▶ DATA TO USE:
····················

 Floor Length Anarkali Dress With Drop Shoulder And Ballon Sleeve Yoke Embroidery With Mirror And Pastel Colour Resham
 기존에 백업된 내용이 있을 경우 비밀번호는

····················

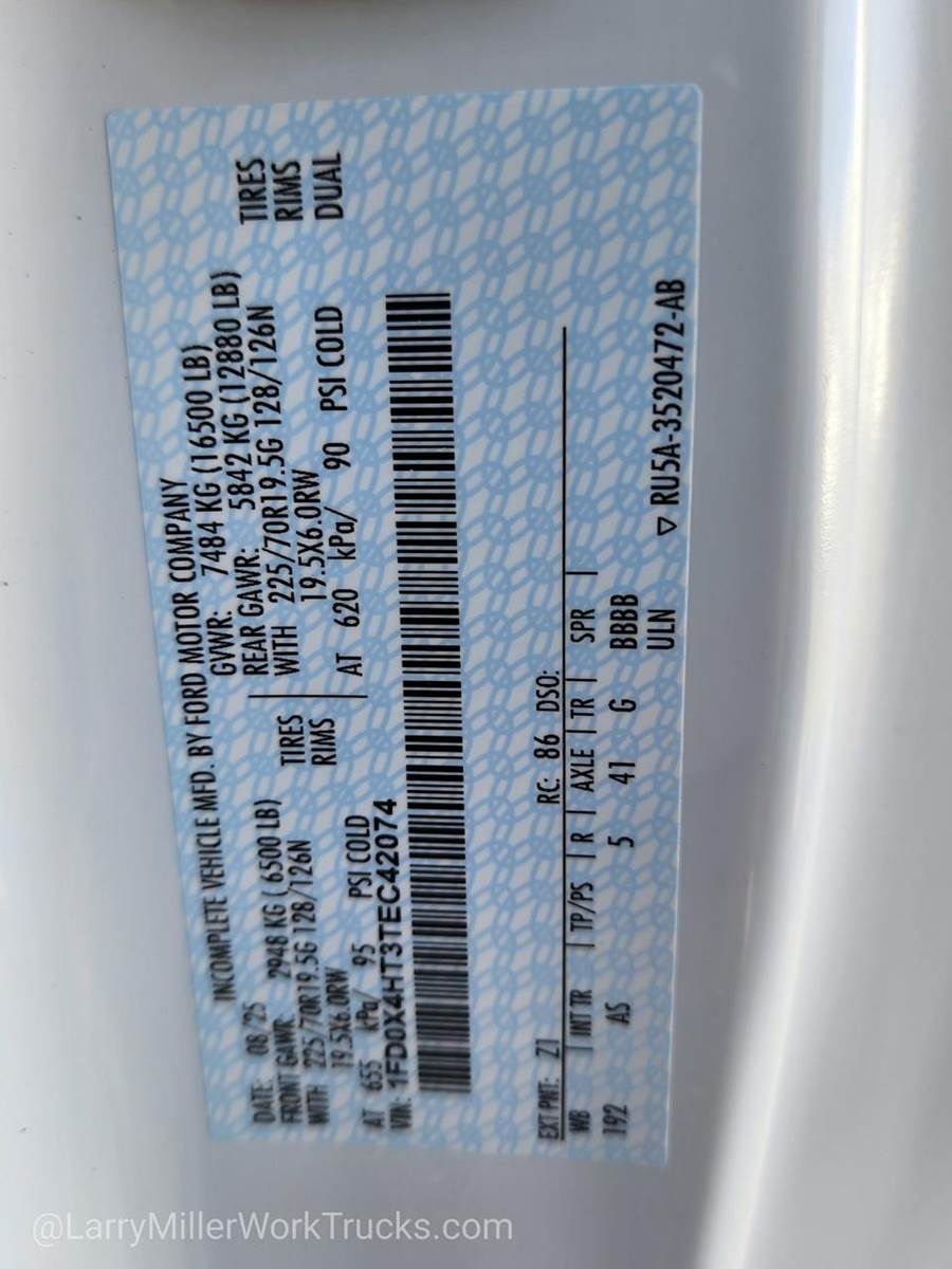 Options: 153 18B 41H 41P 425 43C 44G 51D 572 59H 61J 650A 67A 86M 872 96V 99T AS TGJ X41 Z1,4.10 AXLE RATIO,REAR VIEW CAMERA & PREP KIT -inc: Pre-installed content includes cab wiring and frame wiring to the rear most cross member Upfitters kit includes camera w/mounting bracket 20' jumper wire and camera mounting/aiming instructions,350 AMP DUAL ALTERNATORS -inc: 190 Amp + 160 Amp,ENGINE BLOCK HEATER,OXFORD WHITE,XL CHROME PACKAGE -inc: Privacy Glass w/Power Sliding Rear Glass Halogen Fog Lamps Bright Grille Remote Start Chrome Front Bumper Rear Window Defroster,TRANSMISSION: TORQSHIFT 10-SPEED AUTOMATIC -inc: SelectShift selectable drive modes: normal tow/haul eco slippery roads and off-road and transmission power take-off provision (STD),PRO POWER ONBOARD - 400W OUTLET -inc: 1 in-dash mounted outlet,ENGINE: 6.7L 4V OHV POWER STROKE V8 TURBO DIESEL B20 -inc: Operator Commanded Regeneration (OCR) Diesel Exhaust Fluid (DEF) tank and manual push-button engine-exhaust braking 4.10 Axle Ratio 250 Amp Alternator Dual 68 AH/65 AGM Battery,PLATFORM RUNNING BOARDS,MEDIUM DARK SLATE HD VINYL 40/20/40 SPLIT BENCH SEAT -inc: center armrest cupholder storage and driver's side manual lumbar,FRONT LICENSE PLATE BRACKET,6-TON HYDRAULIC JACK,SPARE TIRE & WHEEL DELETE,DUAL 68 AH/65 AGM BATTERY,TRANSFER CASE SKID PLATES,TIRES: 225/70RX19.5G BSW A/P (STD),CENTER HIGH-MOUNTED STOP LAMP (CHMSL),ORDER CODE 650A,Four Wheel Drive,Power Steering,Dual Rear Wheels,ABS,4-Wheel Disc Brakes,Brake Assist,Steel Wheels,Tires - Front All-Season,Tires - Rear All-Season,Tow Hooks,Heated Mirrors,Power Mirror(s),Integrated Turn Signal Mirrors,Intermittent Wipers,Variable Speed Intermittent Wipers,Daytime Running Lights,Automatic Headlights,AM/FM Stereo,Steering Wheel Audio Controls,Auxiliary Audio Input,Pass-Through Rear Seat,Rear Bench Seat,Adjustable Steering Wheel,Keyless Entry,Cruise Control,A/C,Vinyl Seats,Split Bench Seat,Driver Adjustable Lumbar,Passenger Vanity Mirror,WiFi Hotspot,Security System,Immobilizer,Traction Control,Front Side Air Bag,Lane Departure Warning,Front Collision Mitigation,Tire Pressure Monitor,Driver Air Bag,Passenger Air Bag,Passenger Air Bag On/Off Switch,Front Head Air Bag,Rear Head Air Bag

····················

▶ WORK INSTRUCTION: Reproduce exactly the stretch of the material above that starts at the line with "Floor Length Anarkali" and ends at the line with "기존에 백업된 내용이 있을 경우 비밀번호는", both included, and nothing else.

▶ ANSWER TO THE EXERCISE:
 Floor Length Anarkali Dress With Drop Shoulder And Ballon Sleeve Yoke Embroidery With Mirror And Pastel Colour Resham
 기존에 백업된 내용이 있을 경우 비밀번호는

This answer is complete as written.